# Netbenas Shortcuts



## MichaelR (15. Dez 2009)

Hallo zusammen,

ich hätte mal eine Frage. Ich programmier grad parallel auf Eclipse und Netbeans und bin am überlegen ob ich ganz auf Netbeans umsteig. Es gibt nur leider paar Sachen, die ich in Netbeans noch nicht finde.

Unter eclipse kenn ich es, wenn ich syso schreibe und danach strg+leertaste drücke, dass ich ein System.out.println(); bekomm.
Wie funktioniert denn das unter Netbeans? Ist umständlich des immer per Hand zu schreiben.

Es ist unter eclipse auch möglich über strg+7 den markierten Quellcode auszukommentieren. Wie ist das unter Netbeans möglich?

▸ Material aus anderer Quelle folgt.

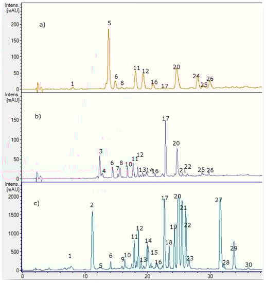 HPLC-UV chromatograms at 280 nm of (a) Nolana leptophylla, (b) N. aplocaryoides and (c) N. ramosissima collected in Paposo Valley, II region of Chile.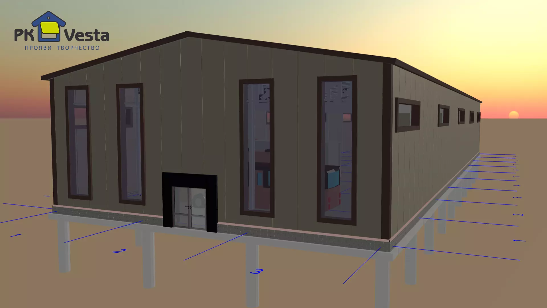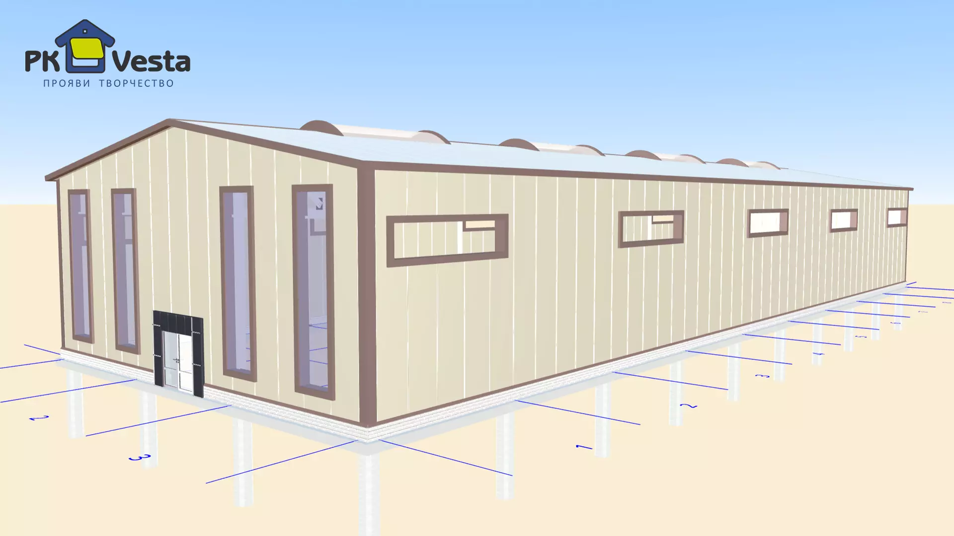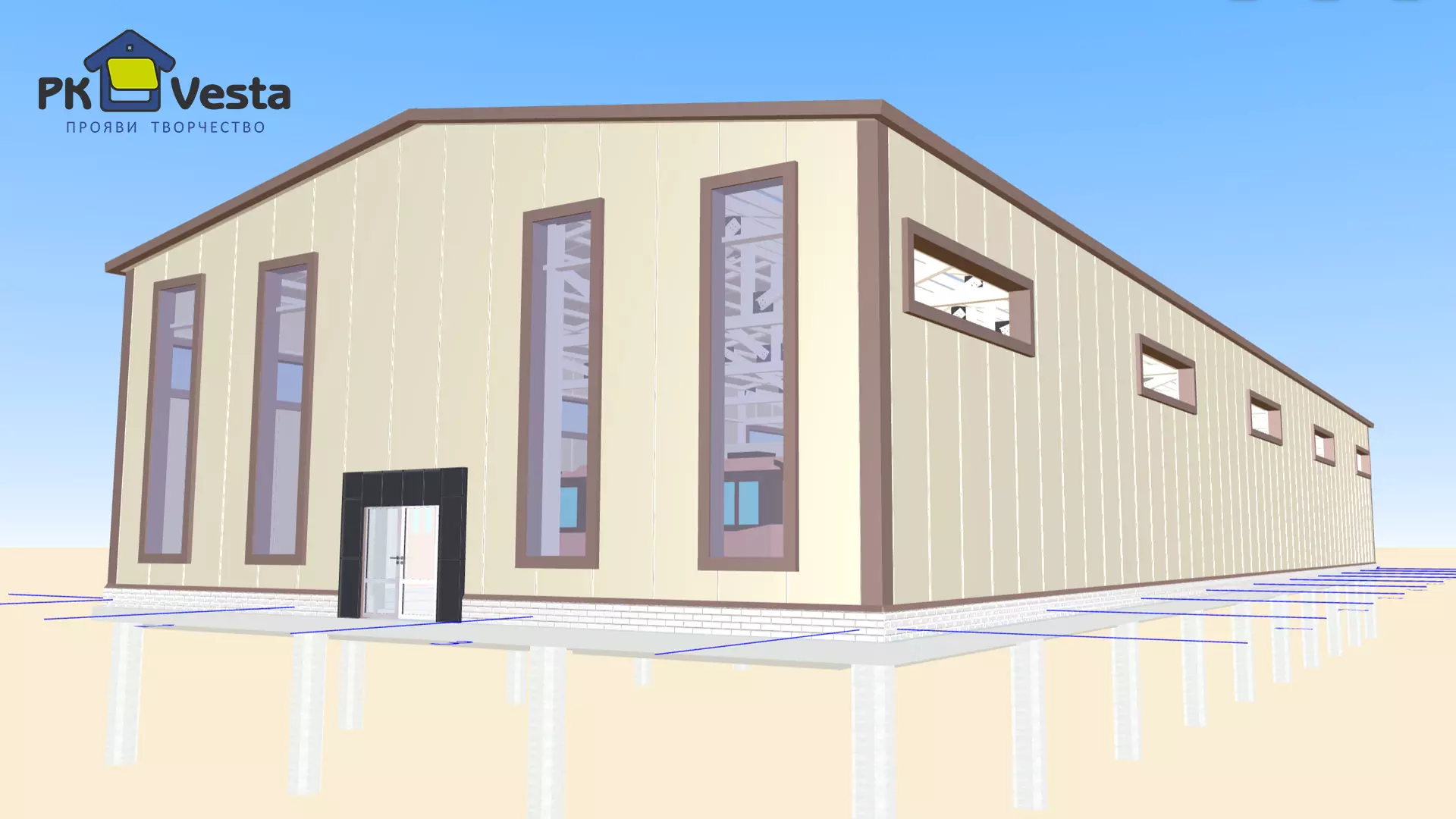 The lightweight steel frame is covered with non-combustible sandwich panels (walls - 60 mm and roof 80 mm)

Wäre nett, wenn des zufällig einer weis.


----------



## Manowar (15. Dez 2009)

Hi Michael,

geht auch problemlos unter Netbeans 

1. Schreib mal sout und drück dann die Tab-Taste et voila: System.out.println("");
2. Markier den zu kommentierenden Block und drück dann Ctrl-Shift-C. 
3. Wirf mal einen Blick auf Tools->Options->Keymap, da kannst du bequem über die Suche nach Kürzeln forschen.
4. Unter Tools->Options->Editor->Code Templates findest du die Kürzel wie "sout" usw. und kannst sie bei Bedarf anpassen.

Hoffe, das hilft Dir etwas weiter.

Gruss,

Manowar

P.S.: Noch einer, der öfter Netbenas statt Netbeans schreibt ;-)


----------



## MQue (18. Dez 2009)

Ergänzungen zu NetBeans Shortcuts:

wenn du in die Installations von Netbeans schaust, dann findest du eine Datei shortcuts.pdf, bei mir z.B.: unter "Unter C:\Programme\NetBeans 6.7.1\nb6.7".
Und wie schon erwähnt:
In Netbeans: Tools->Options->Editor->Code Templates kannst du eigene Shortcuts anlegen.


----------